On 15 August 2017 at 4:52 p.m. NST, a massive blackout hit northern half of Taiwan, affecting 6.68 million households. Electricity rationing was implemented at 6:00 p.m. and the blackout fully ended at 9:40 p.m. The power outage is also known as the 815 blackout (815全台大停電).

==Event==

===Power plant===
During the power supply equipment replacement for a control system of the metering station at Tatan Power Plant in Guanyin District, Taoyuan City by a contractor of CPC Corporation, the worker did not switch the system from auto mode to manual mode before starting the work, causing the two gas supply pipe valves to close and stop the supply of liquefied natural gas fuel source for two minutes. Six generators of the power plant fully tripped due to that, disrupting the supply of 4 GW of electricity.

===Public===
Residents in major cities in northern Taiwan reported slow-moving traffic, stalled lifts or gondolas, and no air conditioning. Some emergency services were called to rescue trapped people and the police were manually directing traffic.

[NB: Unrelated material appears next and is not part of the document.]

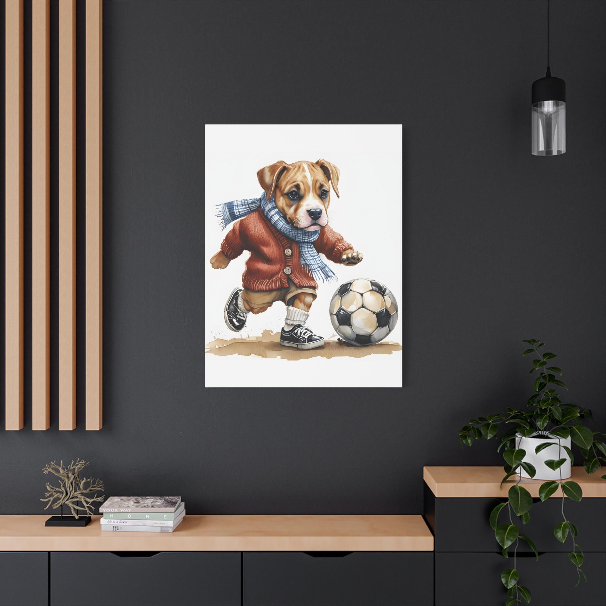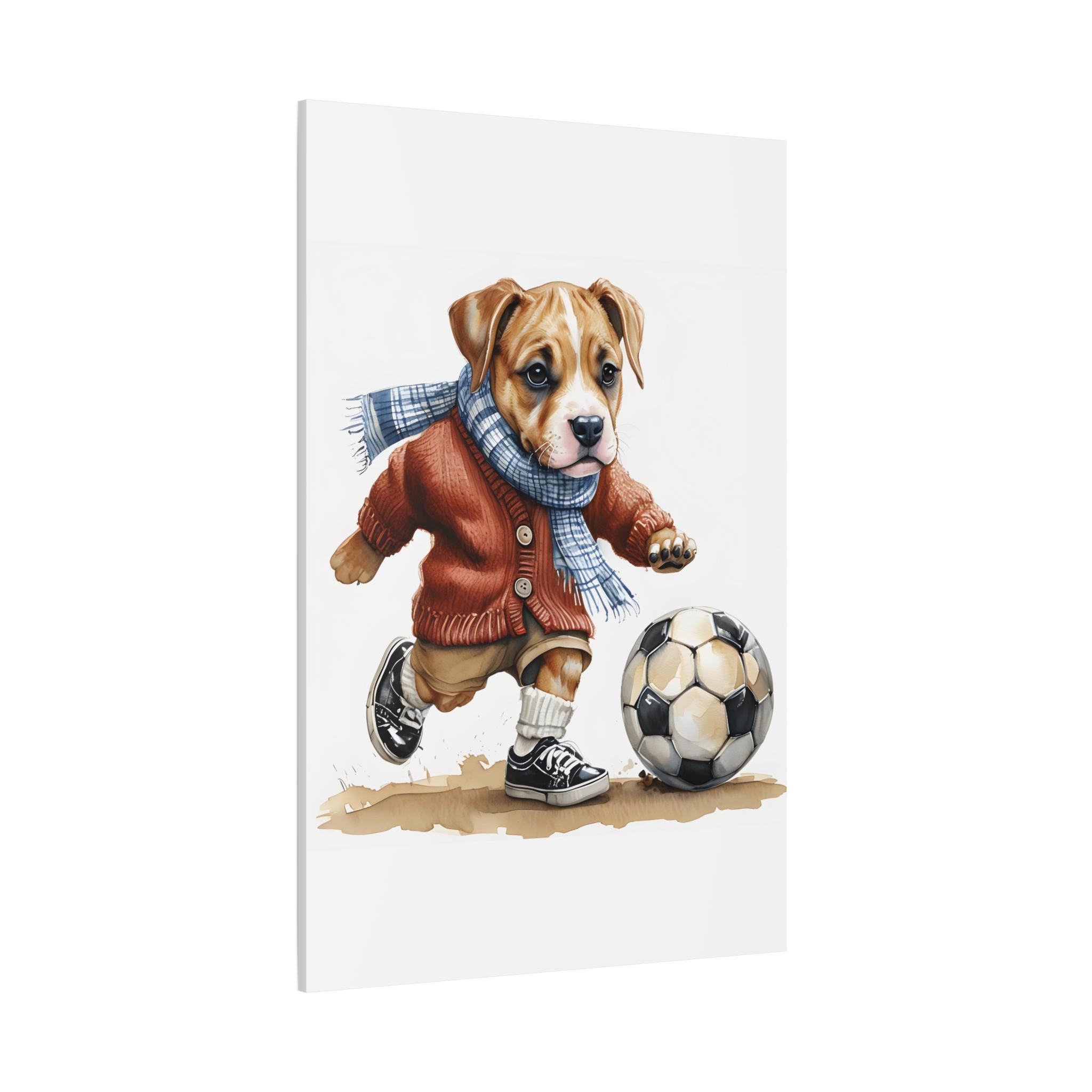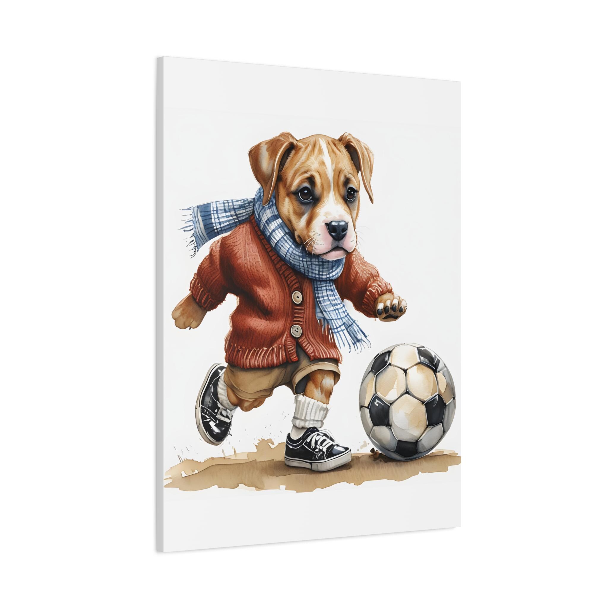 Warm up any space with this adorable canvas print of a dog dressed in a cute sweater and scarf, mid-kick with a soccer ball. This piece is perfect for dog lovers, soccer fans, or anyone who appreciates whimsical, heartwarming art. It's a fantastic addition to homes, nurseries, or sports-themed rooms, bringing a blend of coziness and playfulness. Ideal for those looking for unique decor that celebrates both the love of pets and the spirit of the game, this canvas will surely score in charm and cheer.

And before 2017 Summer Universiade.

==Reactions==
Taipower responded by offering one day electricity charge cut from each household bill, which resulted in NT$270 million of revenue loss to the company.

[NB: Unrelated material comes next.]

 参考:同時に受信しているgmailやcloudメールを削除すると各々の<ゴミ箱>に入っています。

President Tsai Ing-wen apologized to the people of Taiwan through her Facebook page, stating that electricity supply is a national security issue.

Economic Affairs Minister Lee Chih-kung resigned shortly afterwards to take responsibility. Premier Lin Chuan appointed Deputy Minister Shen Jong-chin as acting Minister to replace Lee.

CPC Corporation Chairperson Chen Chin-te resigned three days afterwards to take responsibility of the event which was then replaced by acting Chairperson Yang Wei-fuu. His resignation also was accepted by Premier Lin.

==Damages==
The blackout caused at least NT$100 million (about US$3 million) of loss or damages to over 150 companies in industrial parks and export processing zones.

==Aftermaths==
President Tsai promised that her administration would conduct a comprehensive review of the electrical grid of Taiwan to reexamine and strengthen it.